Apache Hadoop 0.20.204.0 Release Notes

These release notes cover new developer and user-facing incompatibilities, important issues, features, and major improvements.


Batch hardlinking during “upgrade” snapshots, cutting time from aprx 8 minutes per volume to aprx 8 seconds. Validated in both Linux and Windows. Depends on prior integration with patch for HADOOP-7133.


Added mapreduce.tasktracker.distributedcache.checkperiod to the task tracker that defined the period to wait while cleaning up the distributed cache.
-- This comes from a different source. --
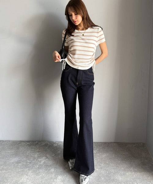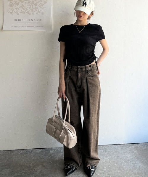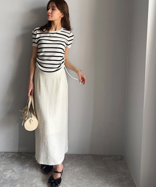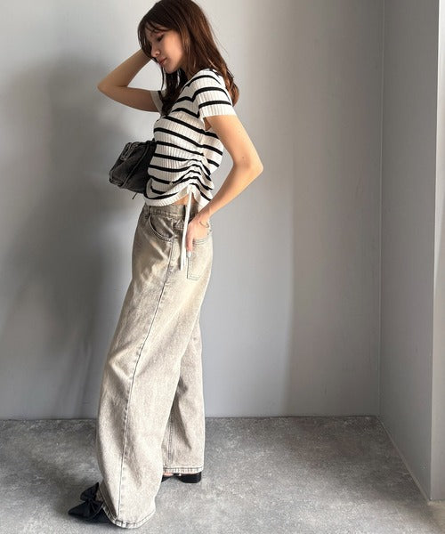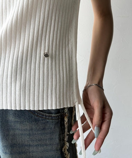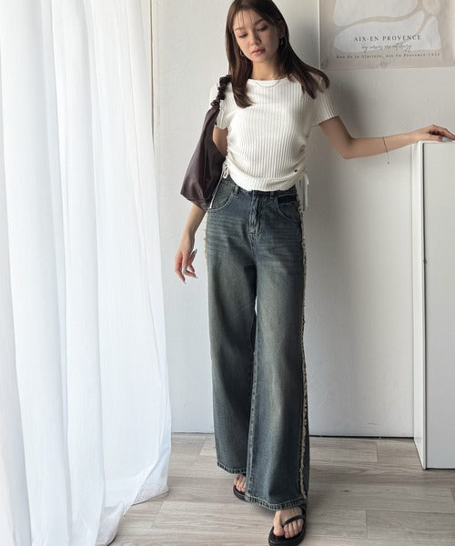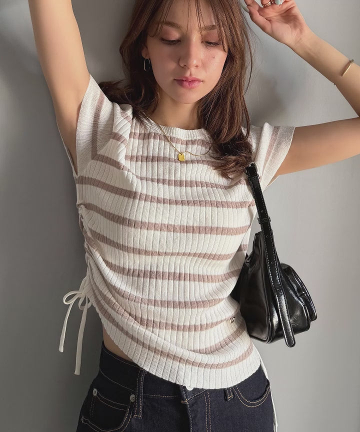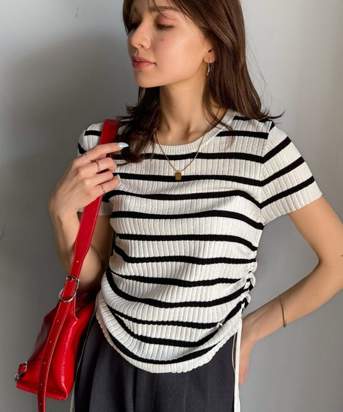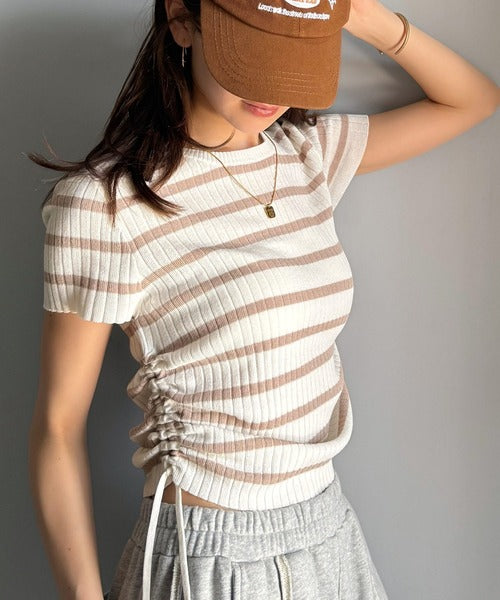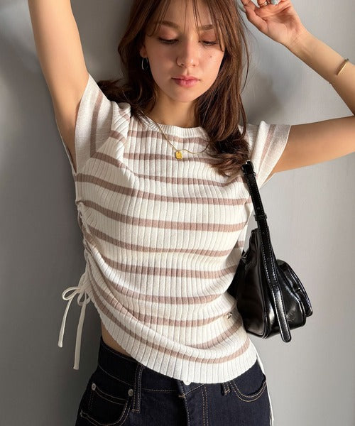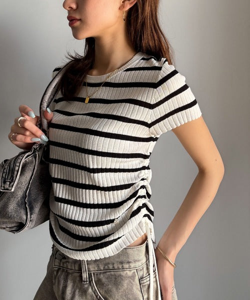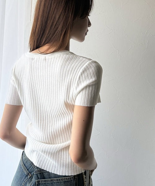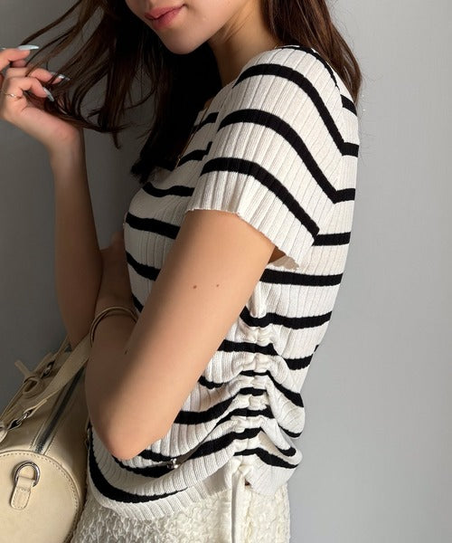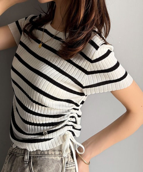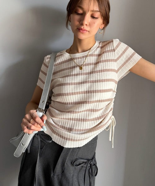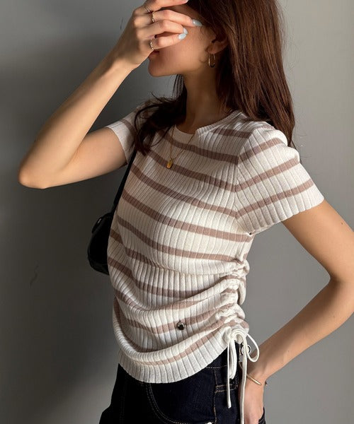 【mily bilet】トレンドのサイドリボン◎ドロスト使いボタンデザインサマーリブニットトップス(半袖) mi1029119

The default is 1 min.


Added RPM/DEB packages to build system.


Added a new configuration option: mapreduce.reduce.shuffle.maxfetchfailures, and removed a no longer used option: mapred.reduce.copy.backoff.


Added 2 new config parameters:

mapreduce.reduce.shuffle.catch.exception.stack.regex mapreduce.reduce.shuffle.catch.exception.message.regex


Test case TestHdfsProxy.testHdfsProxyInterface has been temporarily disabled for this release, due to failure in the Hudson automated test environment.


Fixed a race condition in writing the log index file that caused tasks to ‘fail’.


Removed duplicate chmods of job log dir that were vulnerable to race conditions between tasks. Also improved the messages when the symlinks failed to be created.